Assignment:
Your task is to return the listing below word for word, without any of its images.

Given information:

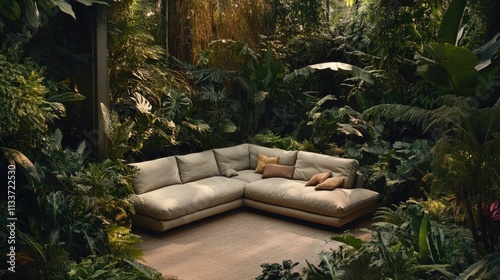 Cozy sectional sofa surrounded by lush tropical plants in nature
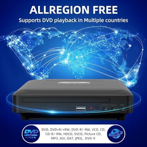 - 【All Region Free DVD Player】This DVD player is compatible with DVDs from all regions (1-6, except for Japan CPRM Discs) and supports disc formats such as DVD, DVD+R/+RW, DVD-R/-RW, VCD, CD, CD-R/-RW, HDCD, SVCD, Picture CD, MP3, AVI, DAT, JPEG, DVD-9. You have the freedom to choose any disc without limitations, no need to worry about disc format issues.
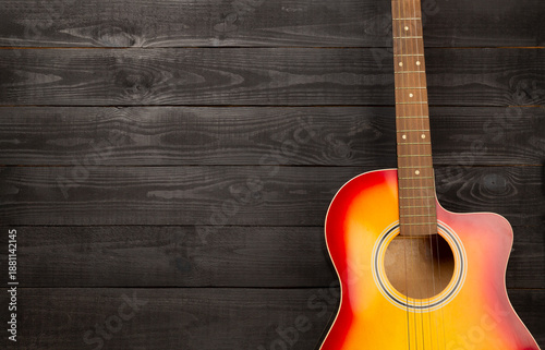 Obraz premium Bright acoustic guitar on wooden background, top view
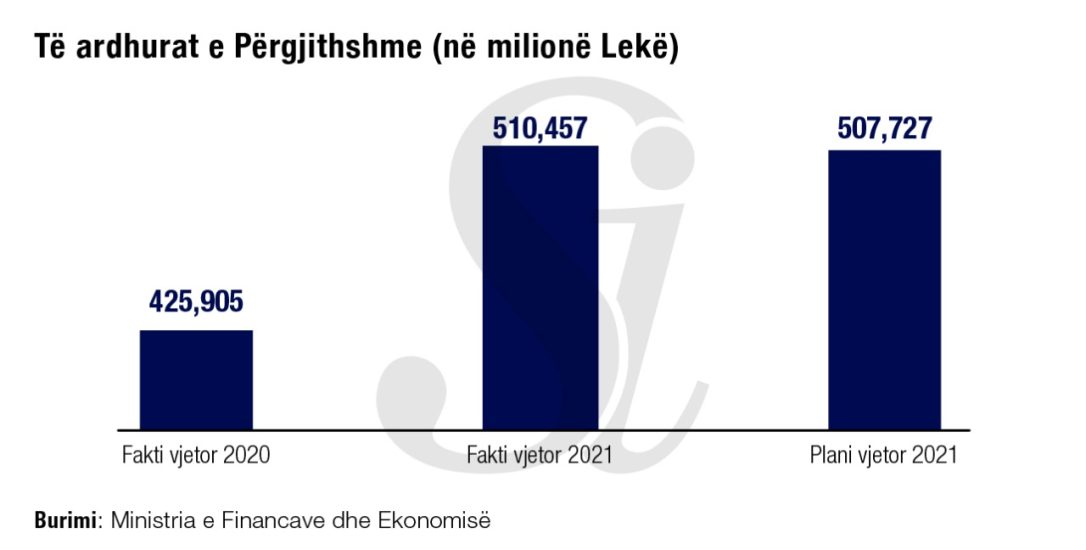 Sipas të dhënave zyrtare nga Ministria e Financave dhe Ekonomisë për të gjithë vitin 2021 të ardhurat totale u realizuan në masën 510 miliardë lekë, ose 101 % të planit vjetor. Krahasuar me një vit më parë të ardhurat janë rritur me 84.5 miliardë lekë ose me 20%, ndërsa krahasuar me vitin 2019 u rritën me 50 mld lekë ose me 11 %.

Answer for the task:
 Cozy sectional sofa surrounded by lush tropical plants in nature
 - 【All Region Free DVD Player】This DVD player is compatible with DVDs from all regions (1-6, except for Japan CPRM Discs) and supports disc formats such as DVD, DVD+R/+RW, DVD-R/-RW, VCD, CD, CD-R/-RW, HDCD, SVCD, Picture CD, MP3, AVI, DAT, JPEG, DVD-9. You have the freedom to choose any disc without limitations, no need to worry about disc format issues.
 Obraz premium Bright acoustic guitar on wooden background, top view
 Sipas të dhënave zyrtare nga Ministria e Financave dhe Ekonomisë për të gjithë vitin 2021 të ardhurat totale u realizuan në masën 510 miliardë lekë, ose 101 % të planit vjetor. Krahasuar me një vit më parë të ardhurat janë rritur me 84.5 miliardë lekë ose me 20%, ndërsa krahasuar me vitin 2019 u rritën me 50 mld lekë ose me 11 %.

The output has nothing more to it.